O livro conta a história de João Romão, um comerciante
inescrupuloso que não mede esforços para aumentar seu patrimônio e ascender socialmente. De dono de taverna, passa a ser proprietário de um cortiço, em que aluga casas simples para trabalhadores pobres. João Romão é ajudado por Bertoleza, uma escrava supostamente alforriada, com quem vive maritalmente. A FERMENTAÇÃO SANGUÍNEA E SENSUAL
O cortiço adquire a condição de uma personagem, que se
expande e multiplica a cada dia. É nele que ocorre o cruzamento das raças, a explosão da sexualidade e a exploração do ser humano, demonstrando das teses deterministas e evolucionistas que influenciaram os escritores do período. Uma personagem que exemplifica o poder que o meio exerce sobre os indivíduos é Jerônimo, um português correto e trabalhador que, aos poucos, é transformado em um indivíduo preguiçoso e indolente. Esse processo pode ser percebido claramente no trecho a seguir. Passaram-se semanas. Jerônimo tomava agora, todas as manhãs, uma xícara de café bem grosso, à moda da Ritinha, e tragava dois dedos de parati “pra cortar a friagem”. Uma transformação, lenta e profunda, operava-se nele, dia a dia, hora a hora, reviscerando-lhe o corpo e alando-lhe os sentidos, num trabalho misterioso e surdo de crisálida. A sua energia afrouxava lentamente: fazia-se contemplativo e amoroso. A vida americana e a natureza do Brasil patenteavam-lhe agora aspectos imprevistos e sedutores que o comoviam; esquecia-se dos seus primitivos sonhos de ambição, para idealizar felicidades novas, picantes e violentas; tornava-se liberal, imprevidente e franco, mais amigo de gastar que de guardar; adquiria desejos, tomava gosto aos prazeres, e volvia-se preguiçoso, resignando-se, vencido, às imposições do sol e do calor, muralha de fogo com que o espírito eternamente revoltado do último tamoio entrincheirou a pátria contra os conquistadores aventureiros. E assim, pouco a pouco, se foram reformando todos os seus hábitos singelos de aldeão português: Jerônimo abrasileirou-se. (...) E o curioso é que, quanto mais ia ele caindo nos usos e costumes brasileiros, tanto mais os seus sentidos se apuravam, posto que em detrimento das suas forças físicas. Tinha agora o ouvido menos grosseiro para a música, compreendia até as intenções poéticas dos sertanejos, quando cantam à viola os seus amores infelizes; seus olhos, dantes só voltados para a esperança de tornar à terra, agora, como os olhos de um marujo, que se habituaram aos largos horizontes de céu e mar, já se não revoltavam com a turbulenta luz, selvagem e alegre, do Brasil, e abriam-se amplamente defronte dos maravilhosos despenhadeiros ilimitados e das cordilheiras sem fim, donde, de espaço a espaço, surge um monarca gigante, que o sol veste de ouro e ricas pedrarias refulgentes e as nuvens toucam de alvos turbantes de cambraia, num luxo oriental de arábicos príncipes voluptuosos
AZEVEDO, Aluísio. O cortiço. São Paulo: Scipione,1995. p.60. (Fragmento).
UM CASO PARTICULAR
Raul Pompeia consagrou-se na literatura brasileira graças a
uma obra singular: O ateneu, de 1888. O livro traz a história de Sérgio, um menino que vai estudar no Ateneu, um rigoroso colégio interno. É ele mesmo, já adulto, quem narra as suas memórias. O foco narrativo em primeira pessoa, carregado de subjetividade, e as descrições que dão ênfase à agonia e à crueldade são inovações dentro do cenário literário da época.
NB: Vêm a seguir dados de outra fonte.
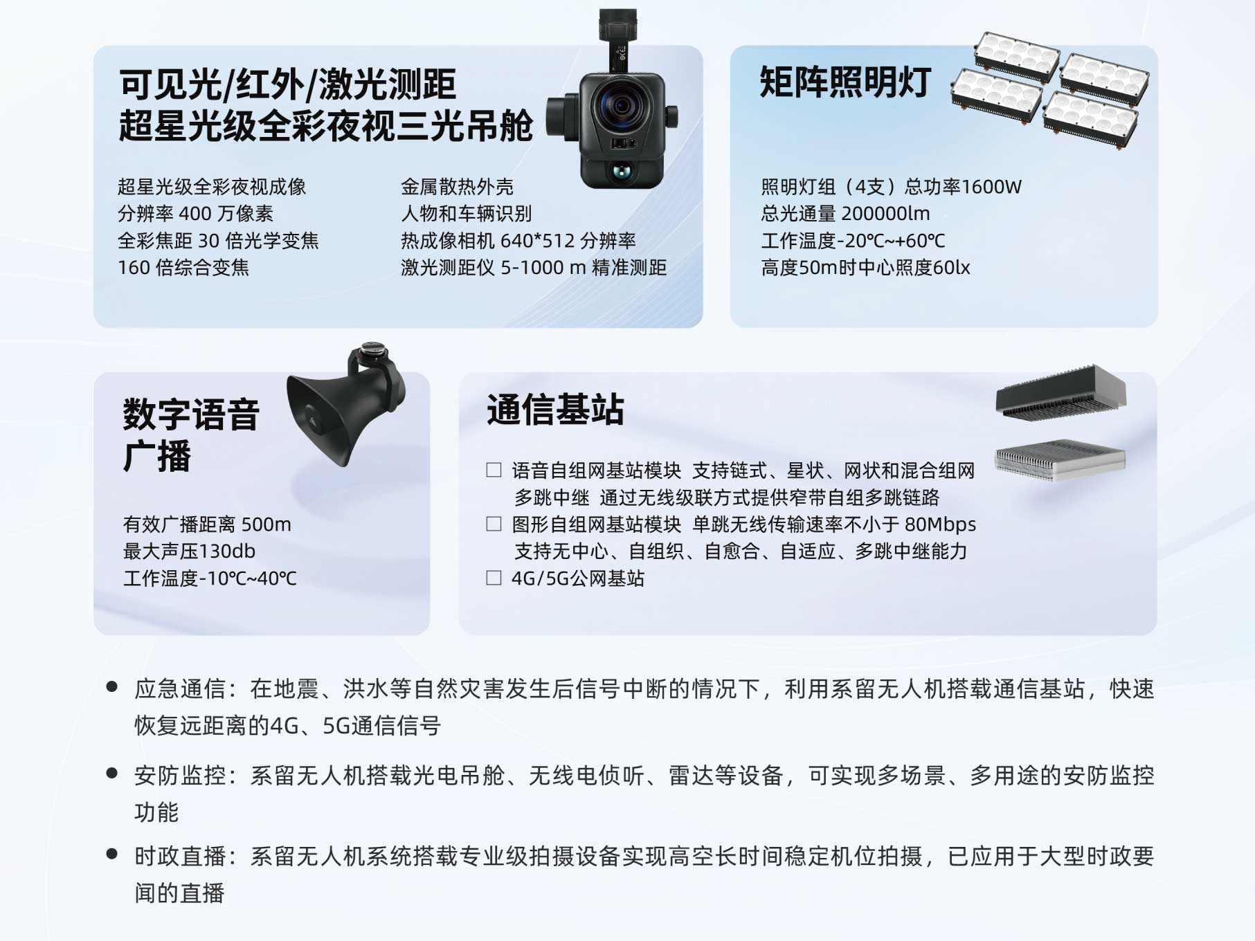 系留無人機:24H超長不間斷滯空、抗風(fēng)6級、抗電磁干擾、10KW超低功耗、工作海拔4500米、多冗余度飛控系統(tǒng)確保飛行安全;
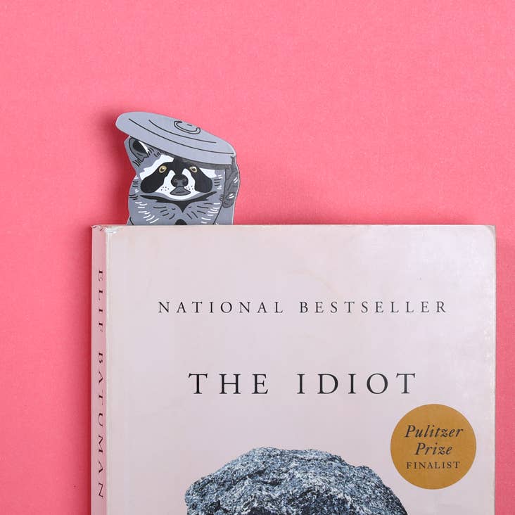 It's a raccoon in a trash can in a book! Bookmarks are underrated... until you have a trash panda sticking out of your very serious non fiction book.
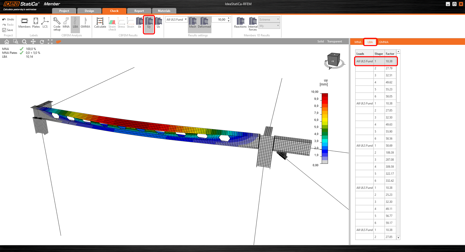 Schakel in de volgende stap het berekeningstype CBFEM om naar LBA (lineaire knikanalyse) en voer de analyse opnieuw uit door op Berekenen te klikken.

O autor retrata a escola como uma reprodução da sociedade
burguesa, para a qual o dinheiro é o valor maior. UM CASO PARTICULAR
O Ateneu estabelece um interessante contraste com outro
famoso romance de memórias: Memórias póstumas de Brás Cubas, de Machado de Assis. Enquanto Brás Cubas se expõe ao ridículo, debochando de si mesmo e do próprio leitor, Sérgio reconta com ressentimento suas duras experiências no colégio interno.
Nas duas obras a crítica à sociedade da época é marcante.
Mas em Raul Pompeia podem ser percebidas claramente as influências do Naturalismo, por meio da defesa da ideia de que o indivíduo é produto da sociedade em que vive.